Force deleting the pods didn’t work:
ubuntu@localhost:~$ kubectl delete pod dns-controller-547884bc7f-jfj27 --grace-period=0 --force
warning: Immediate deletion does not wait for confirmation that the running resource has been terminated. The resource may continue to run on the cluster indefinitely.
Error from server (NotFound): pods “dns-controller-547884bc7f-jfj27” not found
ubuntu@localhost:~$ kubectl delete pod etcd-server-events-ip-problematic-master-node.aws-region-code.compute.internal — grace-period=0 — force
warning: Immediate deletion does not wait for confirmation that the running resource has been terminated. The resource may continue to run on the cluster indefinitely.
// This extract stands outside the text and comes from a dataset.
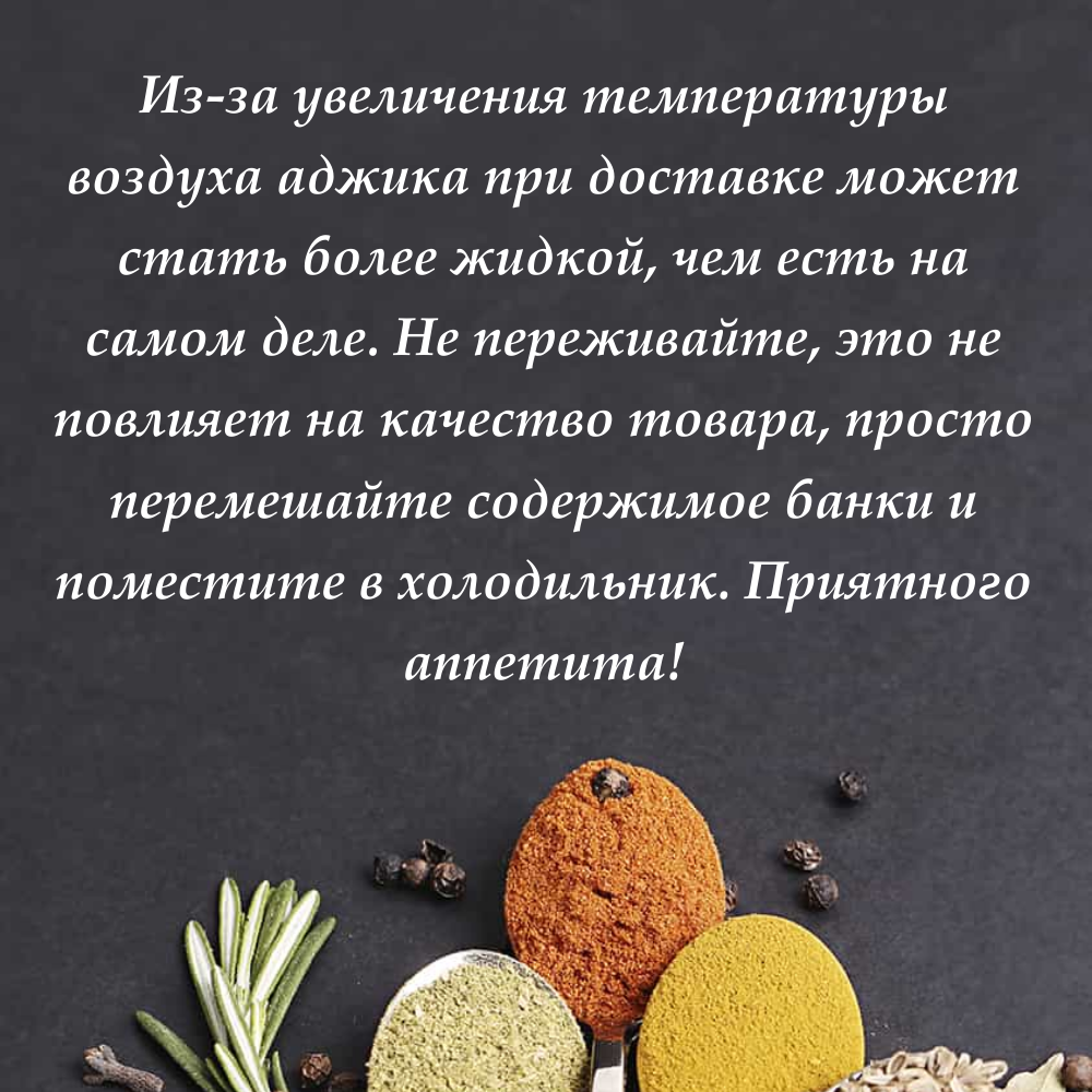 | Состав | Перец красный острый, чеснок, соль поваренная, уцхо сунели, киндза сушенная, вода. |

Error from server (NotFound): pods “etcd-server-events-ip-problematic-master-node.aws-region-code.compute.internal” not found
Root cause
After logging into the problem master node, found that /var/lib/dockerhad too many directories inside it:
root@ip-problematic-master-node:/var/lib/docker/containers# ls | wc -l
15979
root@ip-problematic-master-node:/var/lib/docker/containers# cd ../overlay2/
root@ip-problematic-master-node:/var/lib/docker/overlay2# ls | wc -l
31986
This was not only filling up the disk space it was filling up inodes as well. Compare this with number of files in a healthy system.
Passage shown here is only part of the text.